As energy networks transition to a smarter, more flexible system, the availability of data that can confirm the condition and performance of assets is crucial. But the use of big data and innovation to improve asset management plans and pinpoint vital areas for investment is not the preserve of electricity networks.
Northern Gas Networks (NGN) is utilising new technologies and new ways of working to capture asset information that informs key decision making and allows the business to accurately plan asset management activities.
NGN owns and maintains around 1,700km of large diameter gas mains, stretching across Cumbria, Yorkshire and the North East - all of which require regular maintenance and assessment.
Traditionally, asset assessment and repairs typically require an excavation at each point of enquiry which can be expensive, disruptive and presents safety and environmental risks. The development of robotic platforms, camera systems and pipe access technologies are creating opportunities for networks to undertake complex activities with minimal disruption.
"While CCTV camera systems and robotic platforms have been increasingly available over recent years, these are typically expensive to deploy, and cost benefit assessments do not always make this a viable option," admits Richard Hynes-Cooper, head of innovation at NGN.

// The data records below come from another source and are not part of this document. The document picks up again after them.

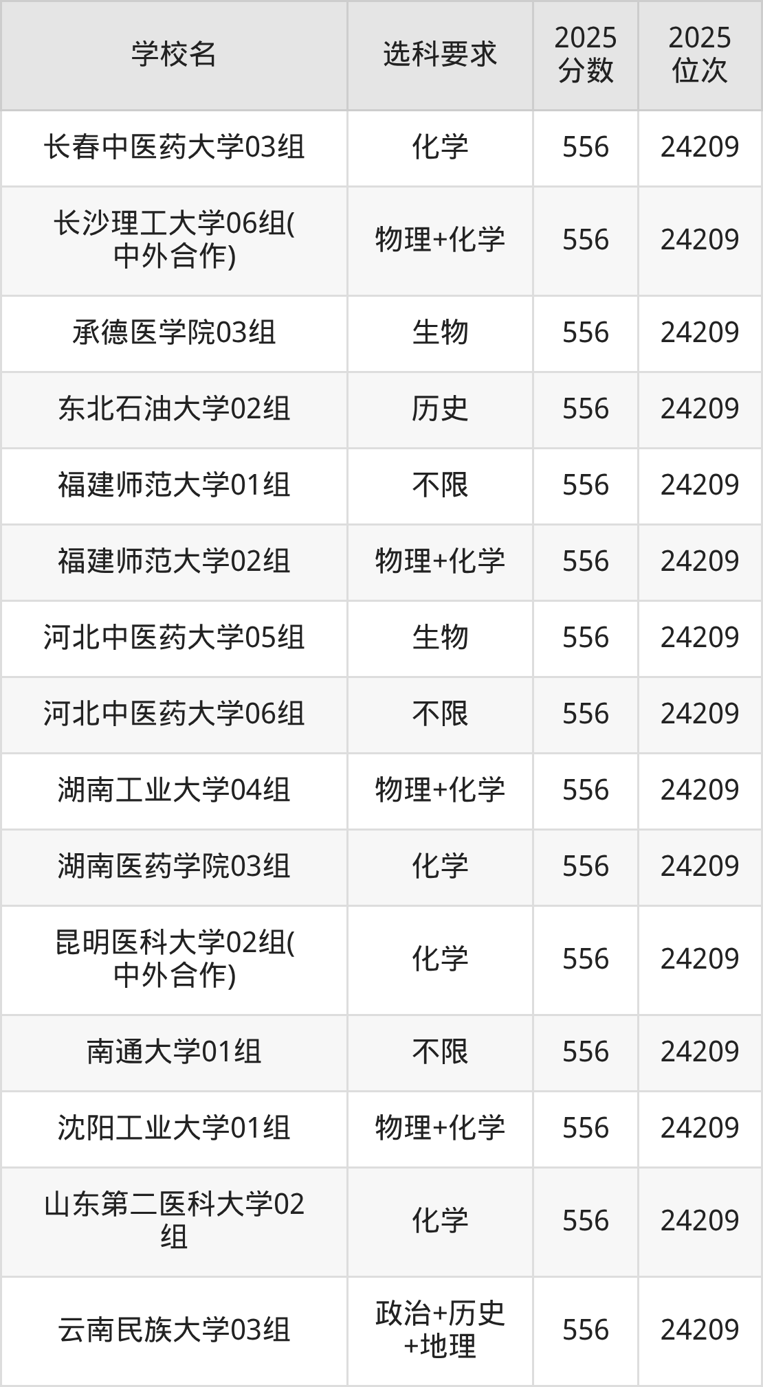 选科化学的考生556分能上的大学有长春中医药大学、湖南医药学院、昆明医科大学、山东第二医科大学;选科物理+化学的考生556分能上的大学有长沙理工大学、福建师范大学、湖南工业大学、沈阳工业大学;选科生物的考生556分能上的大学有承德医学院、河北中医药大学;选科历史的考生556分能上的大学有东北石油大学;556分“不限选科要求”的大学是福建师范大学、河北中医药大学、南通大学;选科政治+历史+地理的考生556分能上的大学有云南民族大学。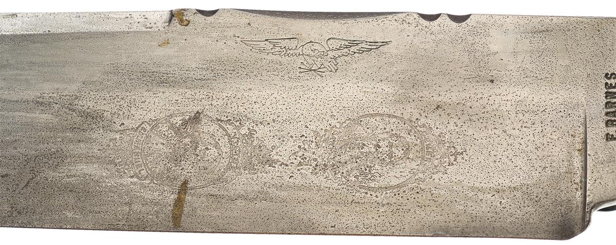 Condition: About good. The blade has been cleaned and is now bright. Evidence of prior surface pitting throughout. The left side has traces of the etching remaining. The ivory handle has a nice even aged ivory patina. The scales have a few hairline age cracks and some minor handling marks.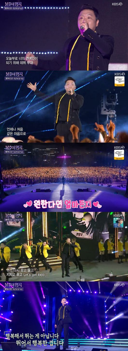곧이어 '댓 댓'(That That) 무대로 뜨거운 열기를 이어간 싸이는 "아낌없이 남김없이 내일 일어나도 후회 없이 미친 듯이 뛰어보자. 행복해서 뛰는 게 아니라 뛰어서 행복한 것"이라는 멘트를 남겼다.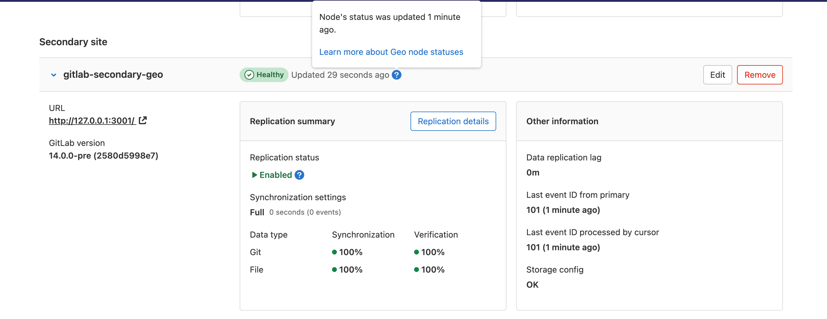 git fsckerror. If you are planning a failover, then consider prioritizing that the secondary site has the same information that the primary site has. Ensure you have a backup of the primary, and follow planned failover guidelines. - Push to the primary and check if the change gets replicated to the secondary site.
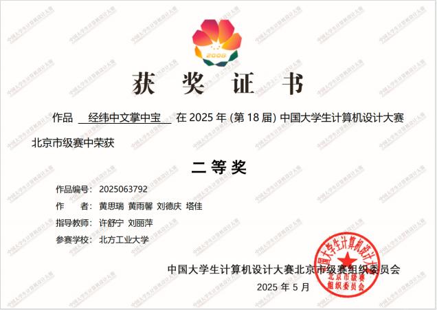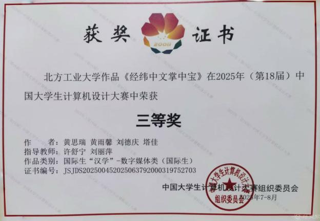 近日,2025年(第18届)中国大学生计算机设计大赛(简称“4C”)全国总决赛成绩揭晓,由Beat365中外学生团队设计的《经纬中文掌中宝》荣获三等奖。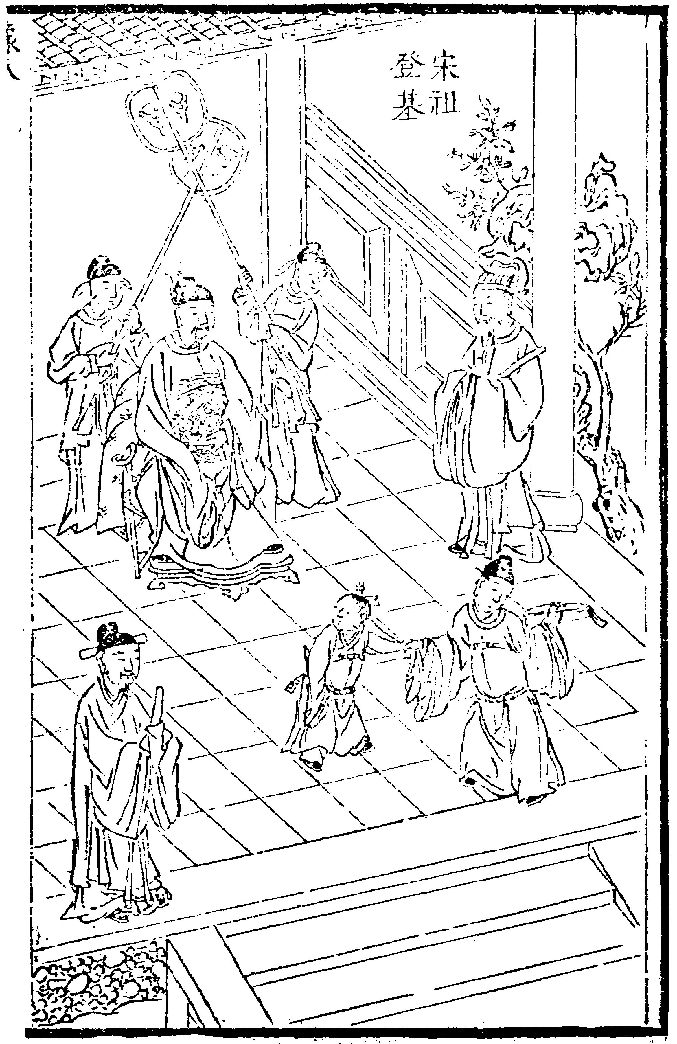 960년, 북방의 대국 요나라의 군대가 쳐들어왔다는 소식을 접한 후주 조정은 전전도점검 조광윤을 국방 총수로 임명하여 요나라 군대에 대처하게 했다. 조광윤이 진교에서 술을 마시고 잠든 사이, 군인들은 조광윤의 동생 조광의를 끌어들여 조광윤에게 황제가 되라고 요구했다. 조광윤은 부하들이 준비한 황포를 걸치고 개봉으로 돌아가 공제로부터 선양을 받아 황제가 되었다. 이가 북송의 태조이다.

Mitigating cost concerns, NGN is involved with an NIA-funded innovation project called System Two Access and Seal (Stass) that has allowed the company to embrace robotics to deliver speedier repairs and maintenance across its underground network.
The company's "robo-engineer" can travel up to 250m along the length of an underground gas pipe to carry out a repair. It is equipped with a camera that transmits live footage of a pipe's condition and it can treat imperfections in a pipe by applying a "flexspray".
Nicknamed Stan, the robot is being used on large diameter pipe projects, which can be particularly disruptive to motorists, and expensive to carry out. The company says it is currently using robotics on an average of two jobs every week, saving time and money, and reducing disruption for customers, by limiting the number and size of holes that need to be excavated.
Hynes-Cooper added: "By using the robot, we can reduce the number of holes we need to dig to carry out routine repairs and maintenance on our larger pipes. This is good news for motorists, as it means fewer roadworks, and good news for the environment, as we don't need to dig as many holes.
"Stan will also help us keep customers' bills affordable. Early indications are that we can save £2,000 per job, by getting the work done more quickly and efficiently."
The robotic platform is delivered as an in-house service by NGN operators and allows the capture of asset data at a more economical rate - an increasingly useful tool as the network seeks to become more resilient to future demand.
"As we move to a smarter, more flexible energy system, the availability of data that can confirm the condition and performance of assets is crucial," says Hynes-Cooper. Indeed, any change on network demand, transportation requirements and whole-system solutions must be underpinned by accurate data and a comprehensive understanding of asset condition.
As the industry looks to the smarter, more flexible energy system of the future, there remains the consistent objective to improve network resilience while simultaneously driving down costs.
"Both of these are possible," insists Barnfather. "But it will require a shift in mindset away from centralised planning around assumed scenarios and a move towards more dynamic, data-driven decision making."